Issue on PDF Loader - Embeddings:

Question

Issue on PDF Loader - Embeddings:

Opened this issue a year ago · 2 comments

Hello, finally I found a PDF Q&A with a free alternative to OpenAI.
I'm testing the code, but I'm 200% iliterate and dumb in coding. I'm trying to build a Gradio/Streamlit App to answers questions on a specific topic basically like Lego and using ChatGTP to help me out. Maybe this APP will give me visibility on the market since I got fired on Jan (my market isnt coding related).

Can you help me out to figure this error?
Thanks!

WARNING:unstructured:detectron2 is not installed. Cannot use the hi_res partitioning strategy.

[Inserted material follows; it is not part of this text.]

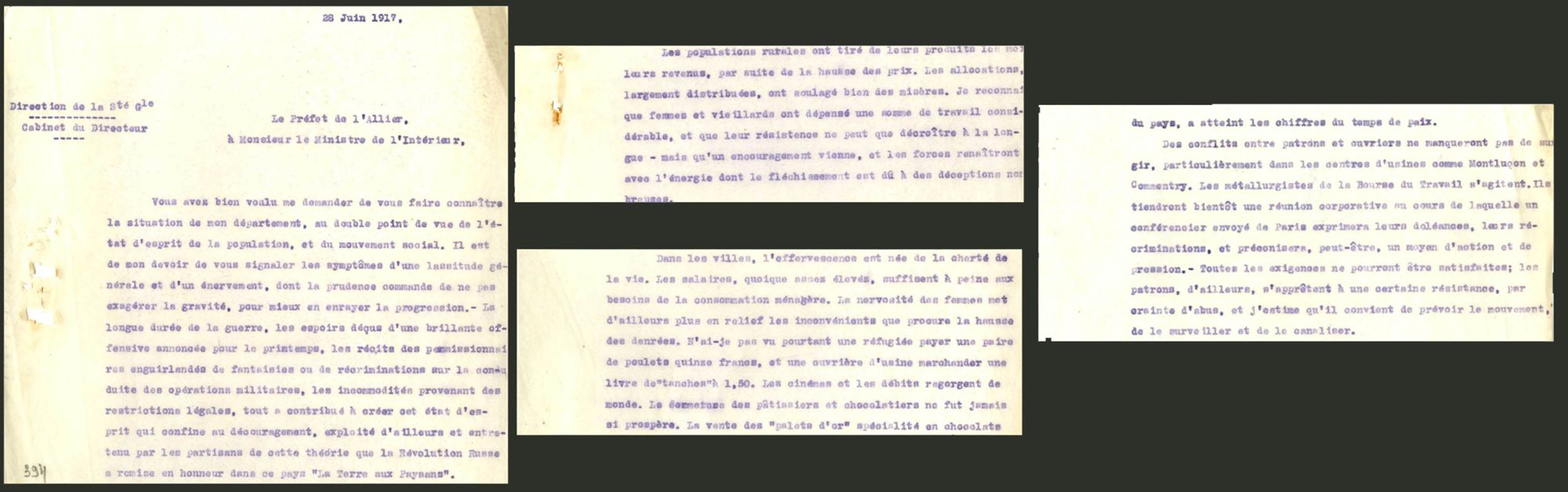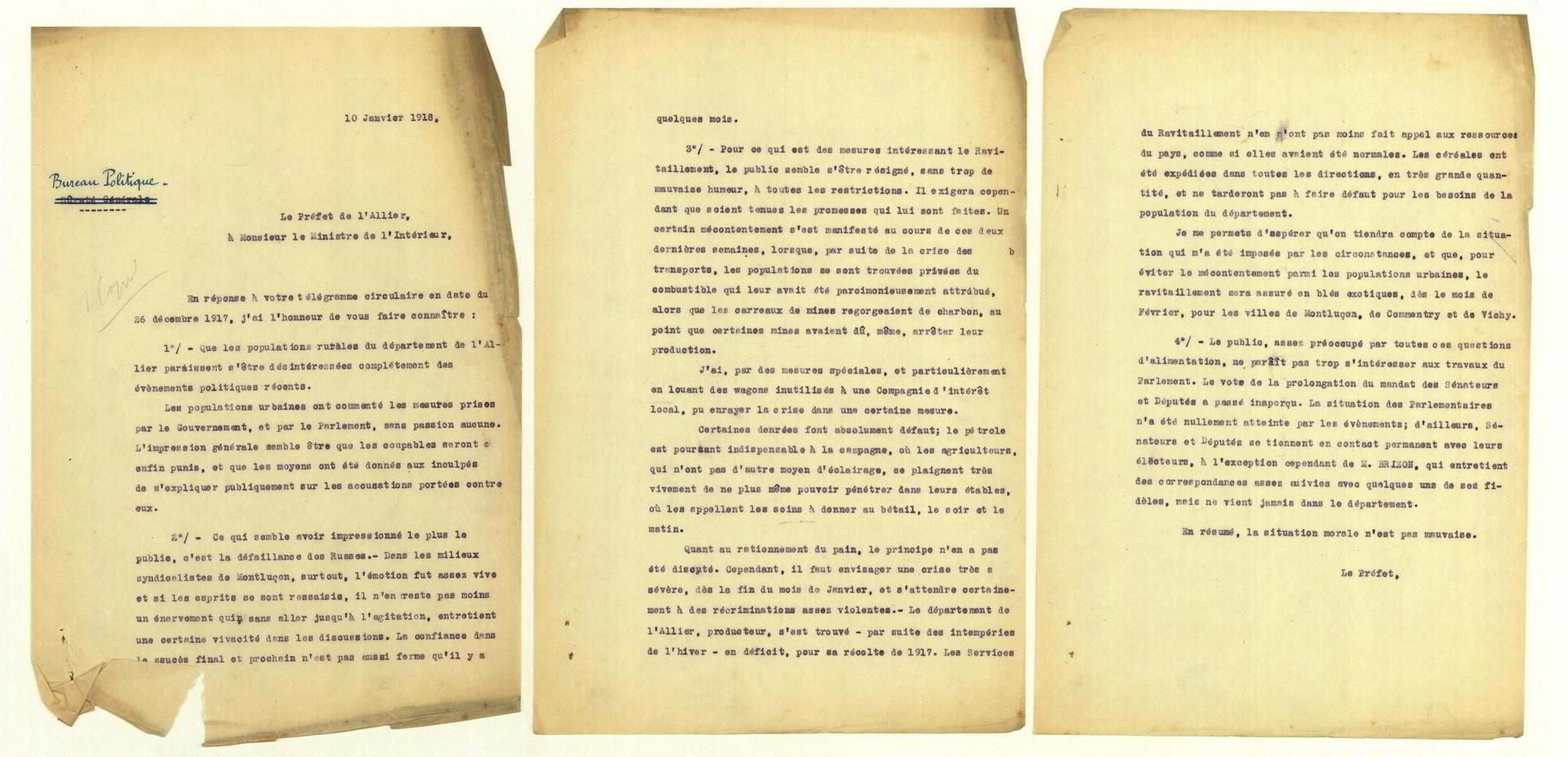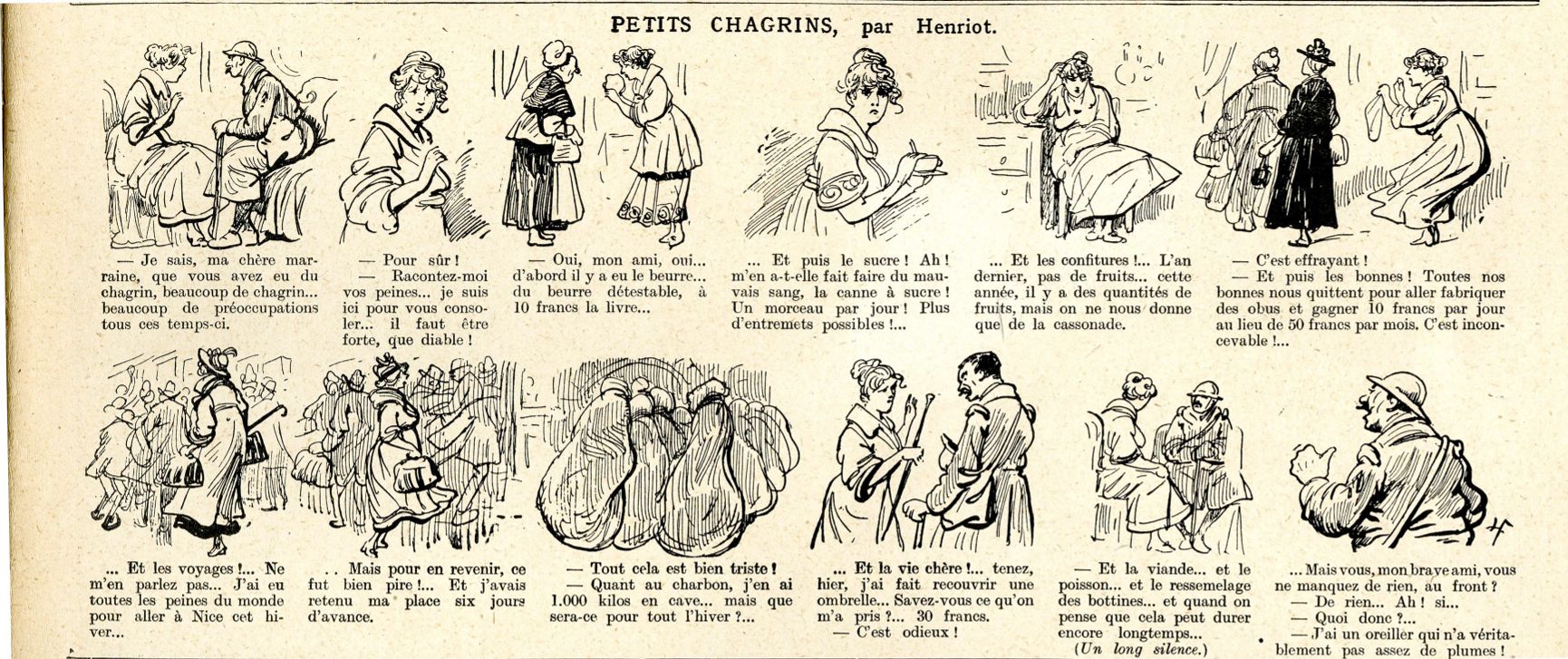 Toute l’énergie des belligérants étant tournée vers l’effort de guerre, l’existence quotidienne de la population civile est rendue difficile par la hausse des prix, l’augmentation de la durée du temps de travail ou la réquisition des chevaux. Les Français sont particulièrement touchés par la pénurie de charbon qui est réservé en priorité à l’industrie. Dès 1915, des denrées alimentaires essentielles comme le pain et le sucre sont rationnées. Le gouvernement met en place un système de tickets attribuant à chacun selon son âge, sa situation professionnelle et familiale, une quantité ou un volume défini à percevoir.

Falling back to partitioning with another strategy.
WARNING:unstructured:Falling back to partitioning with ocr_only.

FileNotFoundError Traceback (most recent call last)
/usr/local/lib/python3.10/dist-packages/pdf2image/pdf2image.py in pdfinfo_from_path(pdf_path, userpw, ownerpw, poppler_path, rawdates, timeout)
567 env["LD_LIBRARY_PATH"] = poppler_path + ":" + env.get("LD_LIBRARY_PATH", "")
--> 568 proc = Popen(command, env=env, stdout=PIPE, stderr=PIPE)
569

10 frames
FileNotFoundError: [Errno 2] No such file or directory: 'pdfinfo'

During handling of the above exception, another exception occurred:

PDFInfoNotInstalledError Traceback (most recent call last)
/usr/local/lib/python3.10/dist-packages/pdf2image/pdf2image.py in pdfinfo_from_path(pdf_path, userpw, ownerpw, poppler_path, rawdates, timeout)
592
593 except OSError:
--> 594 raise PDFInfoNotInstalledError(
595 "Unable to get page count. Is poppler installed and in PATH?"
596 )

PDFInfoNotInstalledError: Unable to get page count. Is poppler installed and in PATH?

Answer 1 · 2023-05-09T18:34:19.000Z

Seem to be missing a !pip install pdf-info, but theres a new error:

ImportError Traceback (most recent call last)
in <cell line: 1>()
1 index = VectorstoreIndexCreator(
2 embedding=HuggingFaceEmbeddings(),
----> 3 text_splitter=CharacterTextSplitter(chunk_size=1000, chunk_overlap=0)).from_loaders(loaders)

4 frames
/usr/local/lib/python3.10/dist-packages/pdfminer/high_level.py in
6 from typing import Any, BinaryIO, Container, Iterator, Optional, cast
7
----> 8 from .converter import (
9 XMLConverter,
10 HTMLConverter,

ImportError: cannot import name 'HOCRConverter' from 'pdfminer.converter' (/usr/local/lib/python3.10/dist-packages/pdfminer/converter.py)

Answer 2 · 2023-11-27T14:08:23.000Z

Funktioniert nur mit Python 3.9 und besser noch wsl/linux Ubuntu 22.04

Works only with Python 3.9 and better still wsl/linux Ubuntu 22.04

WARNING:unstructured:detectron2 is not installed. Cannot use the hi_res partitioning strategy. Falling back to partitioning with another strategy. WARNING:unstructured:Falling back to partitioning with ocr_only.

WARNING:unstructured:detectron2 is not installed. Cannot use the hi_res partitioning strategy. Falling back to partitioning with another strategy.
WARNING:unstructured:Falling back to partitioning with ocr_only.